In hot world cities, particularly in Seville, there is a real need to combat the high temperatures and the heat island effect to bring life back to the streets and make spaces frequently used in the past more appealing again to local citizens. This study presents the climate control of an amphitheatre in Isla de la Cartuja, Seville (Spain), which was designed and built for the EXPO-92, a space currently in disuse. To this end, the study presents a design methodology and the installation of climate control solutions in open spaces, applying this methodology to the case study to achieve thermal comfort levels in the area. In addition, one difference between this work and the published material is that the techniques used for climate control in the open space under study have been characterised through experiments. Therefore, the models used for designing and dimensioning the proposed intervention are considered sufficiently precise and reliable with respect to the simulated reality. Also, the different technologies are integrated via simulation, allowing for an overall evaluation and optimal design of the proposed climate control system.

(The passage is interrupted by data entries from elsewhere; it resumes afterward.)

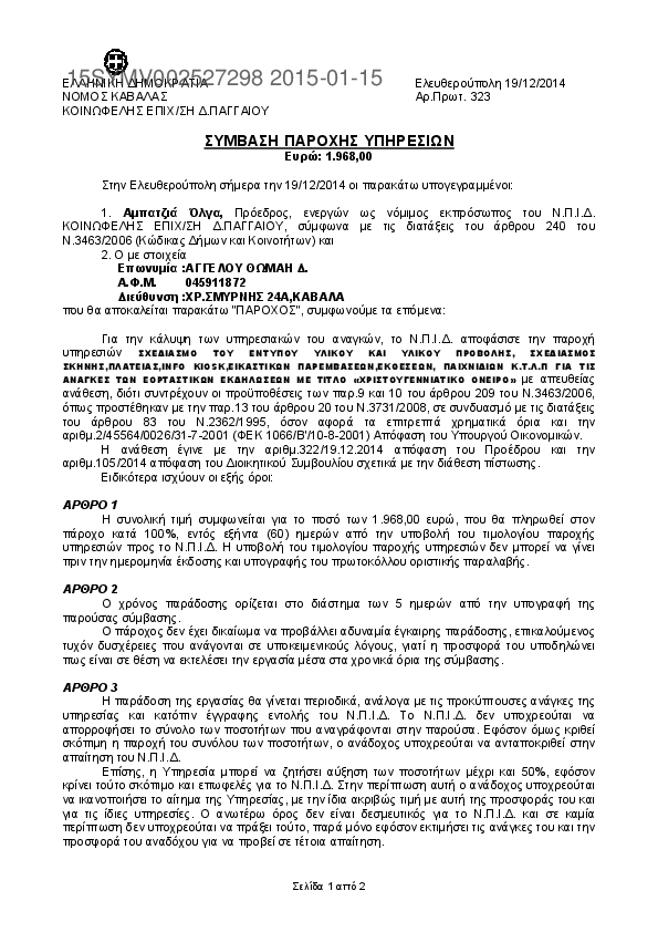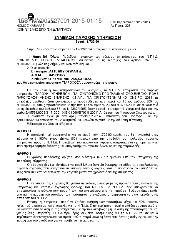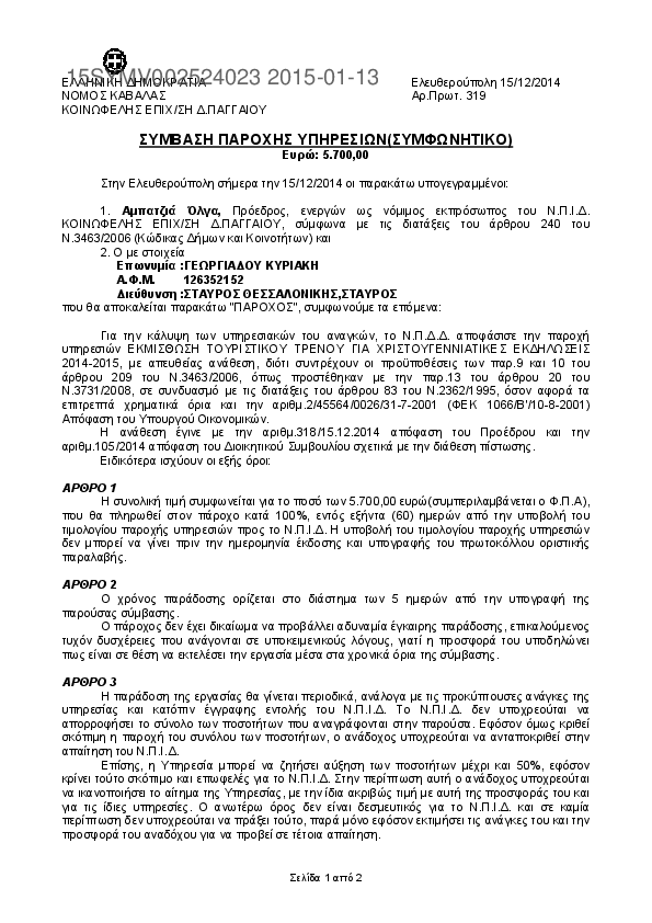 Αναζήτηση σε προκηρύξεις και συμβάσεις για:
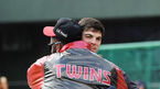 [OSEN=부산, 민경훈 기자] 7일 오후 부산 사직구장에서 ‘2018 신한은행 MYCAR KBO리그’ 롯데 자이언츠와 LG 트윈스의 경기가 열릴 예정인 가운데 양 팀 훈련시간에 롯데 레일리와 LG 소사가 포옹을 하고 있다. /rumi@osen.co.kr
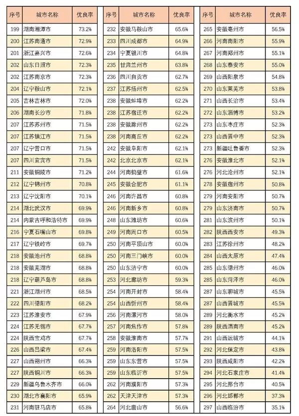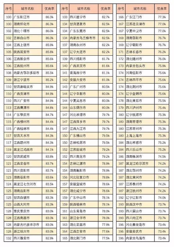 《报告》同时对这些地级及以上城市空气质量优良率进行了排序,西藏昌都市和云南丽江市并列第一,山西临汾市垫底。其中,前100名城市中,东北地区13个、东部地区33个、中部地区6个、西部地区49个,分别占各地区城市数量的38.2%、37.5%、7.5%和51.6%。即西部地区超过一半城市跻身全国前100名,而中部地区只有不到十分之一进入。
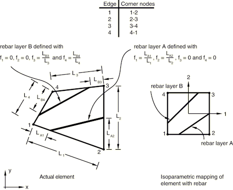 For isoparametric rebars the intersection of the rebar layer with the plane of the model will lie along the mapping of a constant isoparametric line in the element. You specify the elements that contain the rebars; the cross-sectional area, A, of each rebar; the rebar spacing, s; the rebar orientation,
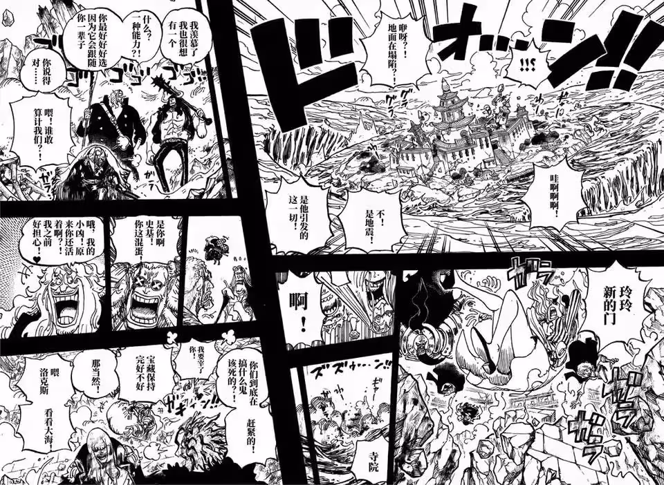 白鬍子使用了震震果實能力,整個島嶼發生了地震,大媽直接掉下來,眾人也逃出去了。凱多非常佩服白鬍子的能力,他也想獲得惡魔果實能力,不過白鬍子告訴凱多,你要好好選擇惡魔果實能力,金獅子和銀斧差點打起來了。

These developments are validated through their integration in a case study. The whole system presents the solution for the measured problems.
The literature review shows that few studies propose a comprehensive climate control of open spaces as this work does. And that the proposal of solutions made here has been obtained from the simulation of models of characterisation of these natural technologies through experiments. Likewise, the results demonstrate the possibilities of natural techniques integrated into a climate control system to guarantee comfortable conditions in open spaces, even in the hottest moments of summer.
The document presents three main sections. Section 1 presents the experimental assessment of the initial situation of the area in terms of air temperature to evaluate its habitability and justify the need for intervention. The air temperature is the variable that can be measured with greater precision and is most used by researchers to diagnose thermal comfort problems in open spaces. Then, Section 2 presents the main parameters for assessing thermal comfort in open spaces and provides the necessary guidelines for implementing climate control strategies. Finally, Section 3 provides more details about the design, sizing and thermal impact of the proposed climatic control techniques defined for the case study.

2. Case study

2.1. Description of the Amphitheatre

The existing amphitheatre is located on Thomas Alva Edison Avenue (Seville, Spain) and was built at the beginning of the 90s within the context of the innovative urban development of the Universal Exhibition of 1992 in the city of Seville. The build-up area comprises some 600,000 m2 scattered throughout 170 hectares of open spaces in which restaurants, cafeterias, shops, bars, kiosks, and small show areas as this amphitheatre. Over 100,000 trees, 35 kilometres of hedges and 500,000 m2 of parks and gardens alternate with avenues, promenades, and rest areas, forming in a certain sense, one immense park.
This space was used during EXPO 92 as a cultural site where events such as plays or concerts took place every day of the exhibition. After the Universal Exhibition had finished, the amphitheatre fell into disuse. Then the passing of the years has seen it fall into a poor state of conservation due to a lack of funding. Figure 1 shows a map of the city of Seville (left), with the area outlined in red corresponding to the EXPO 92 site. On the right is Thomas Alva Edison Avenue, known during the EXPO as “Avenue I EXPO 92” with the amphitheatre.
One of the innovative aspects of the Universal Exhibition of Seville in 1992 was the treatment of the open spaces of the enclosure. The central hours of the summer of Seville would have originated in an unlivable public space if the actions that gave rise to the so-called microclimate of the EXPO had not been introduced in it. These actions in the passage areas can be classified into three strategies: shading (blocking of solar radiation), generation of cold surfaces (vegetation and/or water) and production of cold air through micronisation of water in the areas of passage.
The amphitheatre can accommodate up to 200 people and has a semi-circular geometry with a diameter of approximately 28 m. Figure 2 shows an explanatory plan of the amphitheatre with its most important characteristics, where:
  • To provide a solar control system (shadings), the site had a simple white PVC cover (low absorptivity) that also served an aesthetic purpose.
  • The amphitheatre is located in a depression about the level of the avenue and has a diameter wall running from north to south that encloses the stage, separating the place where shows take place from the avenue.
  • The seating terraces are completely surrounded by trees/vegetation that acted as natural barriers, enclosing the space better.
  • This space was used as changing rooms for the different artists who performed a show daily.
Figure 3 left shows an actual photograph of the amphitheatre after construction. It is possible to see the depression, the barrier of trees still growing and the white cover that provided the occupants with shade. Figure 3 shows the amphitheatre during EXPO 92, where the attending public enjoys a show. Due to the slow growth of the vegetation barrier, vertical canvases were used to block direct radiation on the attendees.
On the other hand, Figure 4 shows the vandalised state of the amphitheatre in 2010, with the cover completely broken and in disrepair but with a barrier of lush vegetation.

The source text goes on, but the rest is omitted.